This makes intuitive business sense.
But I think this is also a good moment to talk about why feature engineering needs domain context and critical thinking.
Revenue might look predictive, but what if it’s highly skewed, or volatile, or heavily influenced by seasonality?
Simply using raw rev_per_month
might not capture the full story.
This is why, I also explored more nuanced behavioral markers like year-over-year revenue growth, the number of complaints filed, and cashback usage.
Metrics like these tell you more about a customer’s opinion about the brand, their overall sentiment than just a raw amount.
It’s about finding features that capture behavior and trends, not just static values.
📲 8. Devices Matter When it Comes to User Behaviour
Sometimes, EDA throws you a curveball.
Maybe an insight you didn’t expect, but that opens up new lenses for understanding the problem.
I’m talking about plotting churn by device type, check the images above and you’ll notice that the last bar chart is churn by login device.
Surprise Insight:
Surprisingly, desktop users in this dataset were more likely to churn than mobile users.
At first glance, this might seem odd.
But it doesn’t hurt to then ask questions like:
Could it be related to the user experience on desktop vs. mobile?
Are desktop users a different demographic: maybe older users who aren’t as “sticky” with the platform?
This is why EDA isn’t just about crunching stats.
It’s where a data scientist learns to think about product management, data analysis, and design in an intersection.
An insight like this isn’t just another data point.
It’s a potential feedback or prompt you can share with other teams to look into.
🧪 9. KNN Imputer for Missing Values
I know I already talked about the imputer but it deserves it’s own section.

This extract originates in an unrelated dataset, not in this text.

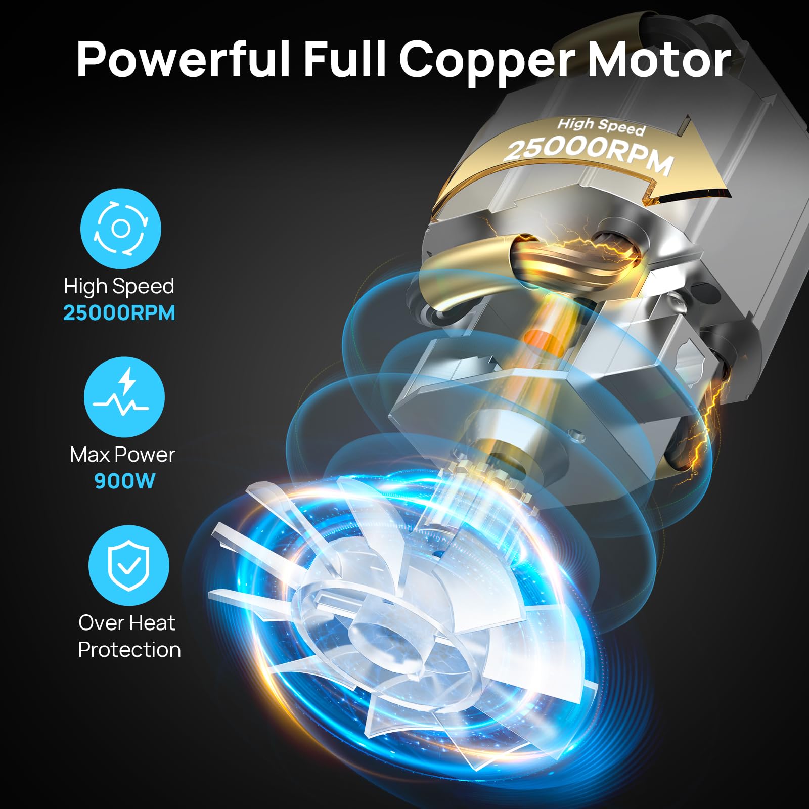 - 【Robust Full Copper Motor】 - A maximum 900W high-horsepower motor with a speed up to 25000 RPM enables faster blade rotation, our blender effortlessly pulverizes ice, finely puree and even liquify ingredients

And I’m sure you might have noticed the wonky order of things in this project, but you do you boo.
Why KNN?
Traditional methods like simply using the mean or median to fill missing values (df.fillna(df.mean()))
are fast, but they can distort the relationships within your data.
KNN (K-Nearest Neighbors) imputation is a bit smarter. It imputes missing values based on the values from the n_neighbors most similar rows.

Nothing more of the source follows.